- [Collected material]
___
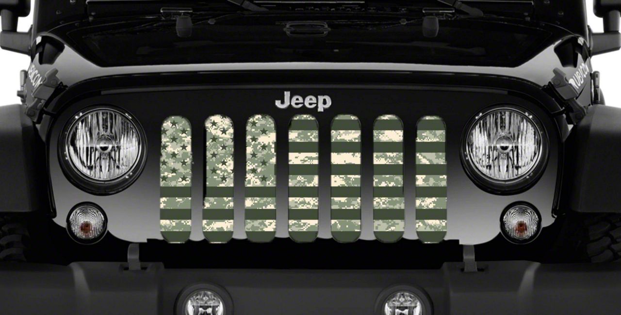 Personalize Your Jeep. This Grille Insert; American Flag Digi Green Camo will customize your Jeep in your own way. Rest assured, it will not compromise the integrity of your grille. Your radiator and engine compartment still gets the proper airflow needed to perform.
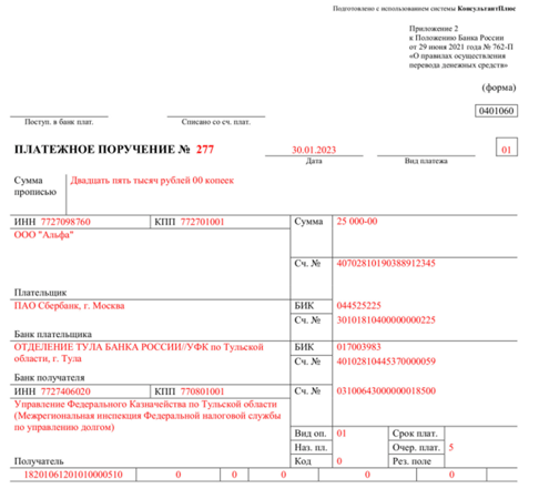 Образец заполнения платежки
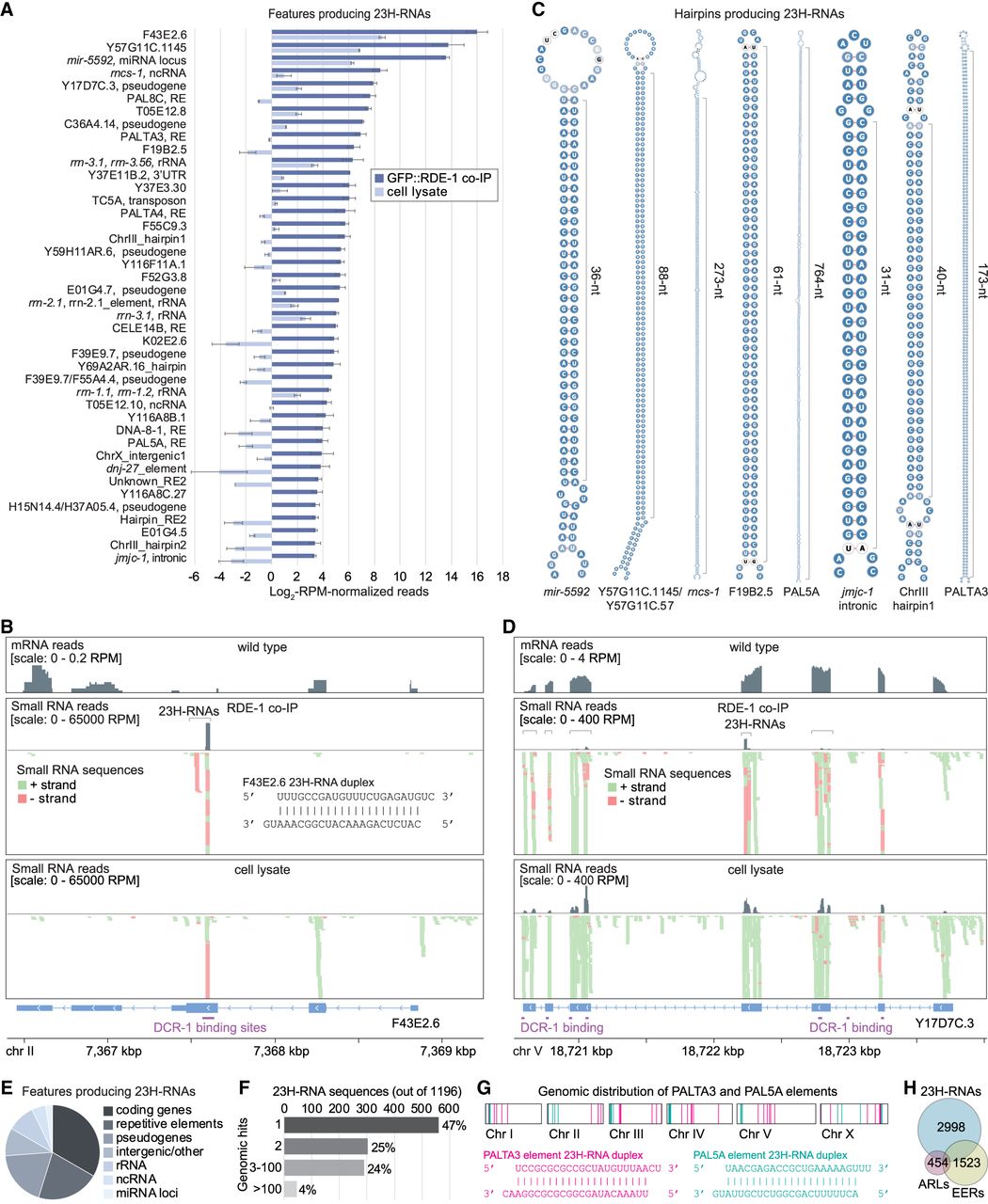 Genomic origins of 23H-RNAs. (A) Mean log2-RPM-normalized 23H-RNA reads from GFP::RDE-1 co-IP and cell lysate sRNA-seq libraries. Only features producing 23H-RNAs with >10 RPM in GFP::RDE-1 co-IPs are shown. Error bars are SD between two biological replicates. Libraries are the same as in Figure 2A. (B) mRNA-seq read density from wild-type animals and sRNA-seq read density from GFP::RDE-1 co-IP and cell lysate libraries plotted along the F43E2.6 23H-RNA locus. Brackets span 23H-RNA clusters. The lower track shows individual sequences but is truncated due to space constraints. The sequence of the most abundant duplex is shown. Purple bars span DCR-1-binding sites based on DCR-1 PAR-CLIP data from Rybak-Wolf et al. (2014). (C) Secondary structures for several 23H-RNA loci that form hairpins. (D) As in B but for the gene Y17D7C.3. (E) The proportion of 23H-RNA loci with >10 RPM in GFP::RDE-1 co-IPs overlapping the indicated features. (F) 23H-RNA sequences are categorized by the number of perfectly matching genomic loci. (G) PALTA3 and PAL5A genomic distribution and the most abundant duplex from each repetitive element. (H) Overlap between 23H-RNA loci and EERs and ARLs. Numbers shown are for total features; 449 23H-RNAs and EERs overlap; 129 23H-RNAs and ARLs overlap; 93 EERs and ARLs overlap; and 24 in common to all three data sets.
___
- [What to do] Without any pictures, print the whole listing again exactly as it stands.

- [Result for this task]
 Personalize Your Jeep. This Grille Insert; American Flag Digi Green Camo will customize your Jeep in your own way. Rest assured, it will not compromise the integrity of your grille. Your radiator and engine compartment still gets the proper airflow needed to perform.
 Образец заполнения платежки
 Genomic origins of 23H-RNAs. (A) Mean log2-RPM-normalized 23H-RNA reads from GFP::RDE-1 co-IP and cell lysate sRNA-seq libraries. Only features producing 23H-RNAs with >10 RPM in GFP::RDE-1 co-IPs are shown. Error bars are SD between two biological replicates. Libraries are the same as in Figure 2A. (B) mRNA-seq read density from wild-type animals and sRNA-seq read density from GFP::RDE-1 co-IP and cell lysate libraries plotted along the F43E2.6 23H-RNA locus. Brackets span 23H-RNA clusters. The lower track shows individual sequences but is truncated due to space constraints. The sequence of the most abundant duplex is shown. Purple bars span DCR-1-binding sites based on DCR-1 PAR-CLIP data from Rybak-Wolf et al. (2014). (C) Secondary structures for several 23H-RNA loci that form hairpins. (D) As in B but for the gene Y17D7C.3. (E) The proportion of 23H-RNA loci with >10 RPM in GFP::RDE-1 co-IPs overlapping the indicated features. (F) 23H-RNA sequences are categorized by the number of perfectly matching genomic loci. (G) PALTA3 and PAL5A genomic distribution and the most abundant duplex from each repetitive element. (H) Overlap between 23H-RNA loci and EERs and ARLs. Numbers shown are for total features; 449 23H-RNAs and EERs overlap; 129 23H-RNAs and ARLs overlap; 93 EERs and ARLs overlap; and 24 in common to all three data sets.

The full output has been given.